The United Nations’ Global Environment Facility (GEF) Small Grant Programme provided about N1.3 billion in 2017. This was to implement environmental projects in Nigeria in eight years. The program was said to aim “supporting environmental initiatives of poor, marginalized and vulnerable communities with emphasis on livelihood enhancement." Ibironke was the National Coordinator for the NGO recipient of the money and stated that the, "programme is focused on Biodiversity, Climate Change, Land Degradation, International Waters and Persistent Organic Pollutants. She listed the beneficiaries to include 500,000 poor rural dwellers and 100 NGOs/CBOs, while 1,000,000 and 10,000 hectares of land have been protected and restored respectively."

In 2018, Ibironke announced that The Global Environmental Facility-Small Grant Programme gave Nigeria a 4.9 million dollars grant to fund 141 environmental related projects in 25 states between 2009 and 2017. She said that "the grant was used to fund projects on biodiversity, climate change, land degradation, persistent organic pollutants and international waters." Also that "800,000 poor rural dwellers, 65 per cent women and 35 per cent men have benefitted directly from the projects."

=== Activities ===
In an interview in Bridging gender gaps key to achieving sustainable environmental solutions in 2025, Ibironke stated that "Women are at the heart of addressing waste management issues, especially plastic pollution. In many homes, women are the primary managers of household waste, and they are often the ones who make decisions about how to dispose of or repurpose materials. This means that women have a crucial role in shaping the culture around waste in their communities."

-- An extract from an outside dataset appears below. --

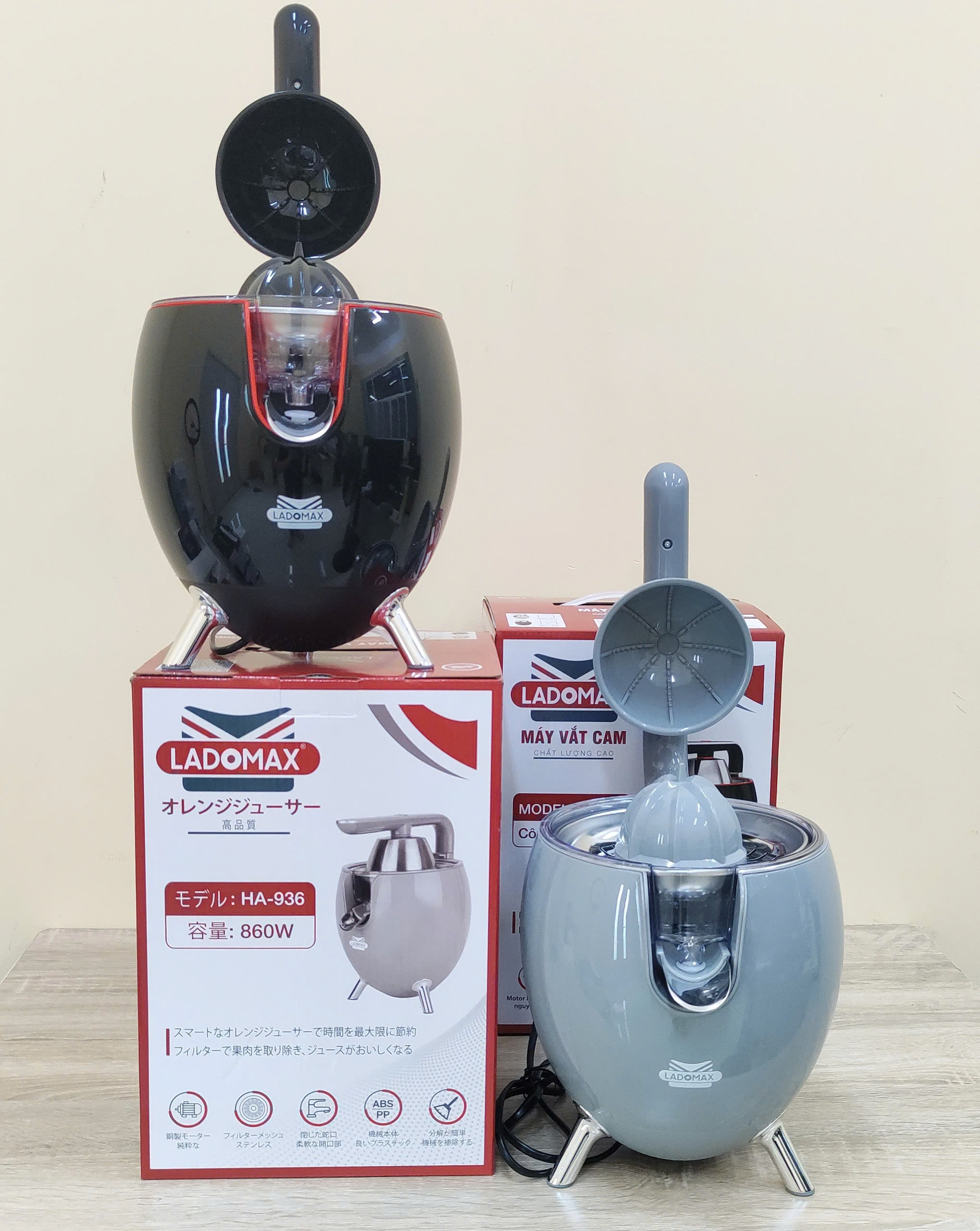 Thông tin sản phẩm Thương hiệu: Ladomax Máy: Máy vắt cam, vắt chanh Công suât: 860W Model :HA936 Núm: 2 đầu nấm lớn nhỏ Khay lọc: Inox Điện áp: 220-240V, 50/60HZ Bảo hành 12 tháng

On another development, Ibironke stated in an interview in Abuja Nigeria on the UNDP support for a healthy environment that the, "UNDP GEF-SGP would continue to create awareness in the country on the dangers of some environmental activities to ensure environmental sustainability." Ibironke also noted that they support community environmental initiatives in five focal areas of the GEF which are biodiversity, climate change, land degradation, chemicals and International waters. The essence of the projects is to educate and inform Nigerians on the benefits in tackling environment issues.

It is said that under her coordinatorship that about 200 teachers and 1000 pupils across Nigeria have been trained on green energy technologies of the United Nations Development Programme, Global Environment Facility, Small Grant Programme (UNDP GEF SGP). According to Ibironke, “projects have adopted the use of Canva for creating infographics, social media posts, and presentations on environmental related climate topics for ease of understanding by the students and teachers. "Students and teachers use videos/YouTube videos during trainings and eco club meetings on how to install simple solar system and others on simple waste recycling techniques. They have also used WhatsApp platform to form a group of all the eco club mentors (Matrons/Patrons) where they share climate and environmental information.”

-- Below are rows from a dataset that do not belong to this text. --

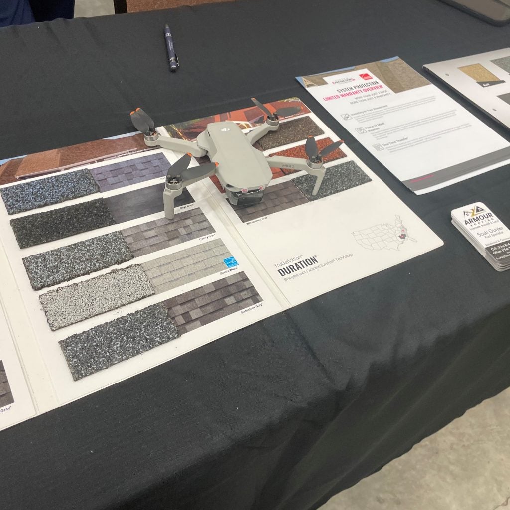 Scott Gunter and Weston Link of Armour Roofing set up a table, their first time participating in the trade show, primarily for networking and to gather business contacts, Gunter says.
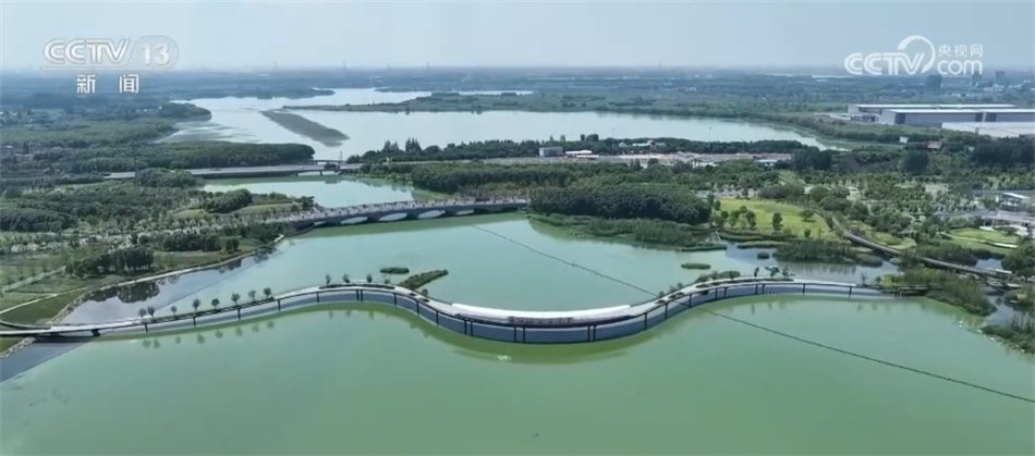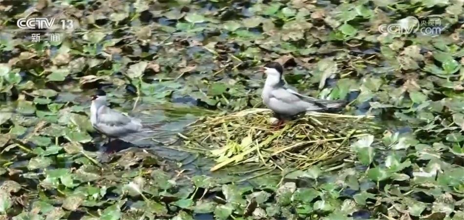 比如,兩地工作人員實(shí)現(xiàn)了聯(lián)合巡河、管護(hù)、治理。元蕩湖生態(tài)岸線的相關(guān)建設(shè),包括我所在的這個(gè)公園和步行橋也是兩地統(tǒng)一審批、接力建設(shè)起來(lái)的。目前,元蕩湖水質(zhì)已經(jīng)達(dá)到國(guó)家考核目標(biāo),生態(tài)岸線占比超過(guò)80%。在湖心的位置有一處水草聚集區(qū)域,船是不會(huì)靠近的,這是人為劃定的水上鳥(niǎo)兒的保育區(qū),能看見(jiàn)不少水鳥(niǎo)在那里嬉戲飛翔。鏡頭拉近,有的鳥(niǎo)兒已經(jīng)在這里筑巢產(chǎn)卵,把家安在了元蕩湖,水質(zhì)好不好,鳥(niǎo)兒最有發(fā)言權(quán)?,F(xiàn)在,元蕩湖在水系連通、河道清障、岸坡整治、水源涵養(yǎng)等方面實(shí)現(xiàn)了統(tǒng)一推進(jìn)。
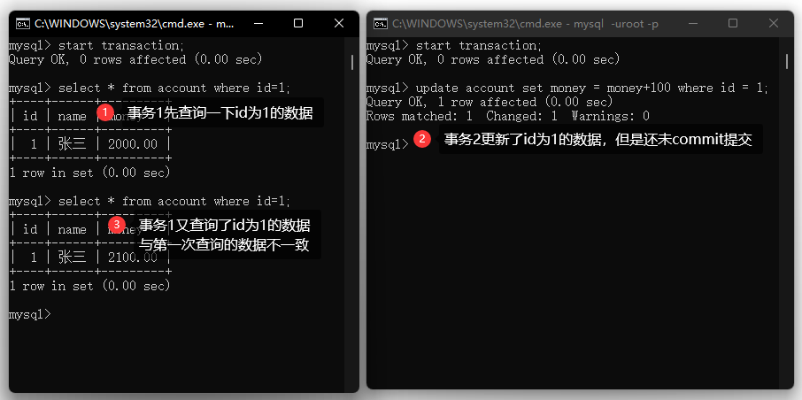 - 当事务2还未commit的时候事务1又去查询了id为1的记录,发现张三余额变为了2100
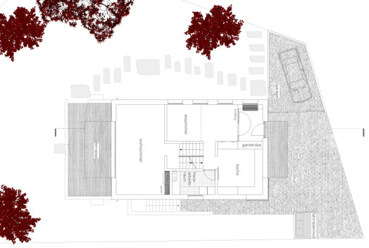 in den unteren ebenen befinden sich die allgemein genutzten räume, küche/essen/wohnen, mit direkt angeschlossenen außenflächen, terrasse-garten und hof.
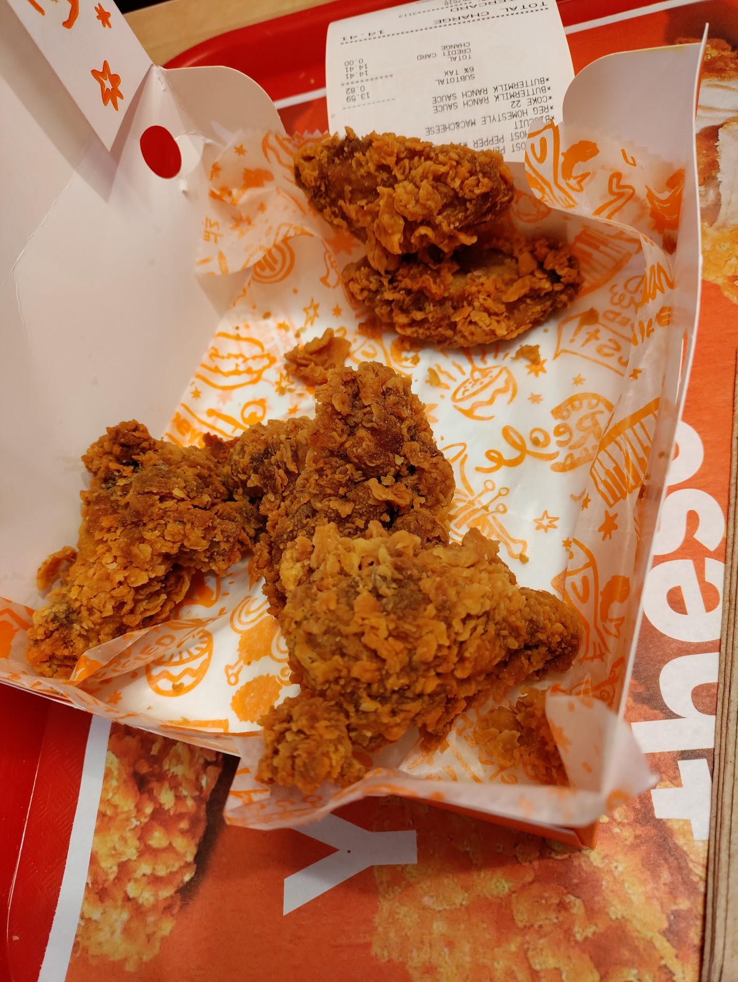 Read moreOrdered 12 piece Ghost pepper wings combo with Mac and cheese, wings were room temperature, Mac and cheese was hot but had a thick hard cheese layer on top that wouldn't mix in. Had to ask for napkins, then plastic ware and clean off our own tables. The young lady at the counter who took our order was apologizing everytime I had to ask for something, but the manager seemed to be bothered by me asking for my ranch that I didn't receive. Upon leaving the Manager asked how everything was on the way out the door. I expressed my complaint and he at first seemed stunned they I was negative and then apologized and wrote his name on my receipt to replace the whole order when returning. It was 9:30pm on a Saturday but still no excuse for not having fresh food. All the chicken was boxed on trays in the racks waiting to be sold. Maybe they will be better next time. I'll mention that There were 3 employees working at that time including the manager. Yes we were hungry and ate the...

In 2024, Ibironke was the Keynote speaker at a conference hosted by The Embassy of the Federal Republic of Germany, Abuja, and SustyVibes in Abuja on the programs to conclude the seven-month-long Bioverse NG project. In her speech, she stated that "young people must identify gaps and develop nature-based solutions with economic value."

== Publications ==
Catalytic Capital and Indigenous Transition: Rethinking Grant Sustainability through SPENM's G-L-E Model.

She was one of the contributors of UNDP publication on Small Grant Programme: 25 years of an engagement with indigenous peoples.

She is also a contributing author on the UNDP publication of Community approaches to sustainable land management and agroecology practices.